Only the lines below starting at the one containing "(사진=강북구청 제공) |" and ending at the one containing "바로발송 데이지 꽃 루즈핏 롱 원피스" belong in the answer, each copied exactly.

Top of AVAILABLE RECORDS

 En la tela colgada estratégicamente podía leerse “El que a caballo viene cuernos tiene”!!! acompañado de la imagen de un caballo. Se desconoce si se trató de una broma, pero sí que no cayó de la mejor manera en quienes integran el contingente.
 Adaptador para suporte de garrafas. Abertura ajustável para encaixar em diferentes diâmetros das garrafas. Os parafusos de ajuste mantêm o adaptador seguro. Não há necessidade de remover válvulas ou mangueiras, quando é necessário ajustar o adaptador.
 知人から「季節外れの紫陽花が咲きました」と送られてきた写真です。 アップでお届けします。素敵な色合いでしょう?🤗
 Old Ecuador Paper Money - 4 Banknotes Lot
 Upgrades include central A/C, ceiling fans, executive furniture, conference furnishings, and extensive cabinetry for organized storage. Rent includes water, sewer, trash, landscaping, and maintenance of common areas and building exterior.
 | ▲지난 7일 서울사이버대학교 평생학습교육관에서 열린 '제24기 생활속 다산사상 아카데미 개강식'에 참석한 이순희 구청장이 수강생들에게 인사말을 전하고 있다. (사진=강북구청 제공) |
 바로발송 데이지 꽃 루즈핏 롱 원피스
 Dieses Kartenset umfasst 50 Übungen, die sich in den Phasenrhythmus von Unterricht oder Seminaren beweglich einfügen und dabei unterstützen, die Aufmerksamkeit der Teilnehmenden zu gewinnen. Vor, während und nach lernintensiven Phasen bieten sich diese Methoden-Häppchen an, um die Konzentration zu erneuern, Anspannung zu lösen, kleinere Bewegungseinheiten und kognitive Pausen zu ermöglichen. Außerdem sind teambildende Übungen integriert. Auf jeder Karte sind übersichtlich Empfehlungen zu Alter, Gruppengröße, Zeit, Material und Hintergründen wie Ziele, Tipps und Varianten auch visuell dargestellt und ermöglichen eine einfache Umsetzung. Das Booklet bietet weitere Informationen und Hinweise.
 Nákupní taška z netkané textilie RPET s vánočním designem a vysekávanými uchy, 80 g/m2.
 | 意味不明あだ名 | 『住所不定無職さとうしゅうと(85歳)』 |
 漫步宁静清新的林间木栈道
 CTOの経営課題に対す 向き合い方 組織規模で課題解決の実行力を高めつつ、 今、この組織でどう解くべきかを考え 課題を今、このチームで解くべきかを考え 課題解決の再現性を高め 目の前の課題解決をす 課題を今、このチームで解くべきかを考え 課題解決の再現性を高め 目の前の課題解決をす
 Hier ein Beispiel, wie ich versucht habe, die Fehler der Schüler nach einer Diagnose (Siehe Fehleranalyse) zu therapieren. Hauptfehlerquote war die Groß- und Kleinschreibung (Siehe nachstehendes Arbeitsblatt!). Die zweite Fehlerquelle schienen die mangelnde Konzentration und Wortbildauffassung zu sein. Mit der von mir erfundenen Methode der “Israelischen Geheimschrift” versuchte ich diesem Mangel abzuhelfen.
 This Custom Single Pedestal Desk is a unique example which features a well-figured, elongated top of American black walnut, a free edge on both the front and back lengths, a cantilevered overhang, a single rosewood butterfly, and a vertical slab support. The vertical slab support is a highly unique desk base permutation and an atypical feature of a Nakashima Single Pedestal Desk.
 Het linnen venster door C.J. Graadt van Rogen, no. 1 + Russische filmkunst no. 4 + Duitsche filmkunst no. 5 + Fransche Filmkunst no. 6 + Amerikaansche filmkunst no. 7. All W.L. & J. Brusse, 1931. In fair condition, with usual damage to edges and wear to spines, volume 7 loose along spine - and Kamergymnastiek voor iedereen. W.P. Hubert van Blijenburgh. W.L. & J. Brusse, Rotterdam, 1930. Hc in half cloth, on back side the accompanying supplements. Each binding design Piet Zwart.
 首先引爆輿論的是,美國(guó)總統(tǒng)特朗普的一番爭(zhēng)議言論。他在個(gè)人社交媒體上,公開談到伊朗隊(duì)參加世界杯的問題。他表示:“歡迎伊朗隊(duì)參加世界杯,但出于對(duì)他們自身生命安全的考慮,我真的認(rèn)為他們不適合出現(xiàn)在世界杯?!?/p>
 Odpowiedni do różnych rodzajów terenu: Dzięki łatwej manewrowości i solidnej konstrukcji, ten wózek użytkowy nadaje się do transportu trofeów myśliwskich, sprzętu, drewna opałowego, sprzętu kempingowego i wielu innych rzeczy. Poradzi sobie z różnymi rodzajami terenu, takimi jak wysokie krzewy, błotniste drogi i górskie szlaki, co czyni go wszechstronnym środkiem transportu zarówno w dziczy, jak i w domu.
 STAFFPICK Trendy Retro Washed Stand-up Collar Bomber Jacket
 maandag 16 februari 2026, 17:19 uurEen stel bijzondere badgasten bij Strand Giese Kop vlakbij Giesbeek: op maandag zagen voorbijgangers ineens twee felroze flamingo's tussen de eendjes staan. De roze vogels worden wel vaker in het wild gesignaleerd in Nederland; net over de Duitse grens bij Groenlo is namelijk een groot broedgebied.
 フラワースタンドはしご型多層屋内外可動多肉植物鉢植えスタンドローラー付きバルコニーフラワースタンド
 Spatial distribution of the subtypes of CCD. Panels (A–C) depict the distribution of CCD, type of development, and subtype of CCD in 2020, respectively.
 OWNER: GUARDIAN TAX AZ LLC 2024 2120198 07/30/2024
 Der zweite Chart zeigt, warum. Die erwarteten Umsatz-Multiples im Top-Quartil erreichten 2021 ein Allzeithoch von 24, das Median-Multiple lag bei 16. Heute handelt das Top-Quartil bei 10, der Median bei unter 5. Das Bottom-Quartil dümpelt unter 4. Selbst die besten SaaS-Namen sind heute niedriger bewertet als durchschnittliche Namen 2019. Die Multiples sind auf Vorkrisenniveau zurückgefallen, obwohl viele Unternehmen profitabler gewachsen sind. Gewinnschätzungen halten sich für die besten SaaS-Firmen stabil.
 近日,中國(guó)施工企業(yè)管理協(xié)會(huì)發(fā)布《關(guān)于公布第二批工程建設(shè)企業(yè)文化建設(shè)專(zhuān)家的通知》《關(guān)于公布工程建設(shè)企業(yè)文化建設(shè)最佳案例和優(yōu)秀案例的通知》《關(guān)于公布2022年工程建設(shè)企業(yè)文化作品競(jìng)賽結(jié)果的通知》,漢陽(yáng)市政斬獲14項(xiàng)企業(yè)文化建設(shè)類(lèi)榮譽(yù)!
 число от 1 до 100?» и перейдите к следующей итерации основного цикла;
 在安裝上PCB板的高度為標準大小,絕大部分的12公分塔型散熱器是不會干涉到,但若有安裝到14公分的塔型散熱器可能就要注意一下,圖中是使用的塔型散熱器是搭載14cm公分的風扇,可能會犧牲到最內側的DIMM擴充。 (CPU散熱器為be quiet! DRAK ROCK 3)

Bottom of AVAILABLE RECORDS

TASK ANSWER
 | ▲지난 7일 서울사이버대학교 평생학습교육관에서 열린 '제24기 생활속 다산사상 아카데미 개강식'에 참석한 이순희 구청장이 수강생들에게 인사말을 전하고 있다. (사진=강북구청 제공) |
 바로발송 데이지 꽃 루즈핏 롱 원피스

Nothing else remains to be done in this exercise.